Baroque opera is heavenly Monty Python

For a while I’ve been having a clandestine affair with Handel. Hubby out, kid at school and I’m tripping on Julius Caesar with Janet Baker from 1984. I bought the DVD not realizing this is all sung in English, but now I am glad, since I can enjoy this piece in two ways – weeping with the divine sound of Janet’s arias and rolling on the floor with laughter listening to recitatives.  One goes like this: “So I cut off this lady’s husband’s head  to win her love. Strange, but  she didn’t like it.  So I  fought with the king who gave me the order, but lost. But I have a whole army tucked away somewhere. So I can still win.  Too bad, I’m dying. You guys tell her I’m sorry.”

Another cool thing with the baroque pieces is that guys can be played by women. Sort of reverse Monty Python, where guys do all these hilarious old ladies. And opposite of Shakespeare, where originally guys did all ladies, young and old. Some contemporary productions want to bring in some balance and try to cast these operas as God intended, males doing men, females – women. But then it becomes too serious, and with the plots being silly as they are, this can’t be!

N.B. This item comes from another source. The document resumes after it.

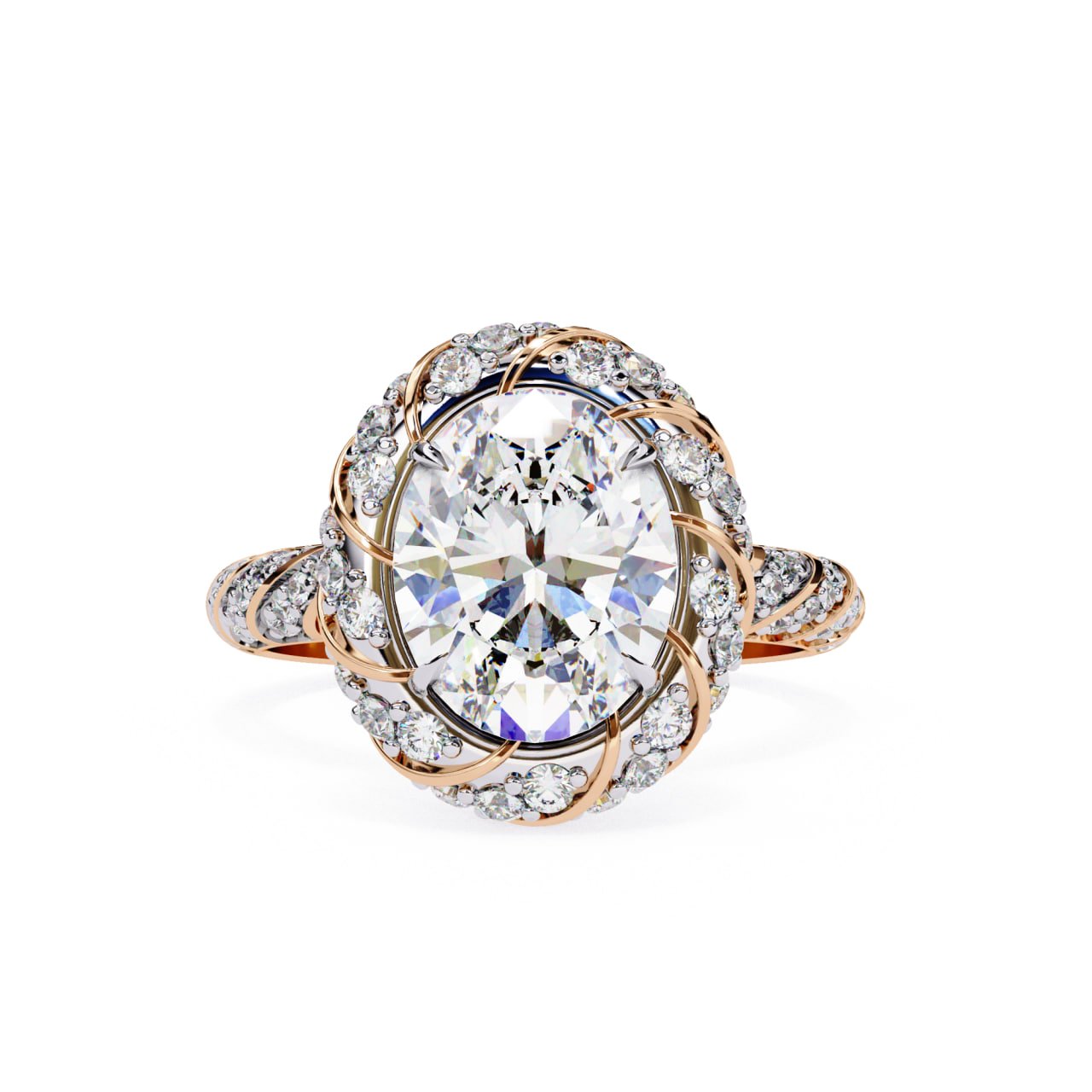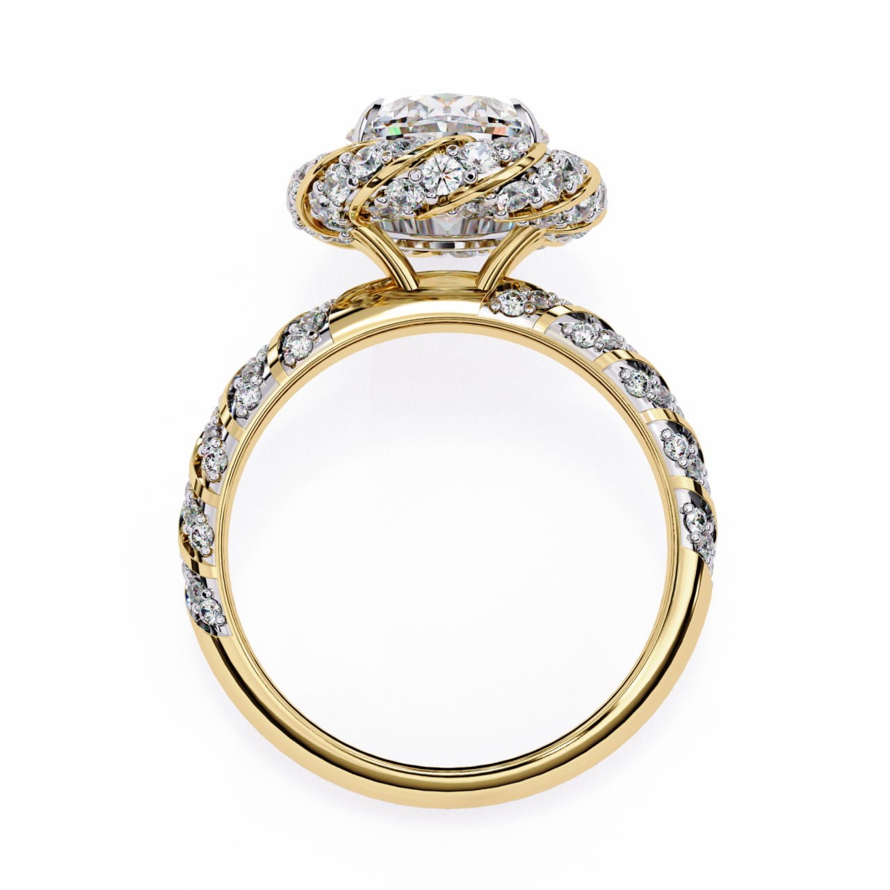 SKU : R197This luxurious vintage-inspired halo diamond ring features a stunning oval-cut center diamond, beautifully surrounded by an intricate swirl halo of round brilliant diamonds. The detailed split shank is adorned with pavé-set diamonds, adding exceptional sparkle from every angle. Crafted in polished yellow gold, this ring blends classic elegance with artistic detailing, making it a perfect choice for engagements and statement occasions.

One of my most memorable operas was a drag Don Giovanni, aka “Donna Giovanni”, by Jesusa Rodriguez. The troupe was called Companias Divas, from Mexico, and it had five women and two men.  It was done with a piano. They were not even trained opera singers, and some music critic almost had a heart attack reviewing the show. But it was great theatre and proved (to me at least, at tender age of 20-something, in Edinburgh), that ANYONE can do opera. Just transpose an octave lower, get some costume… or no costume… tell the story.

Gosh, aren’t I slow reviewing shows from the 80s… but better late than never!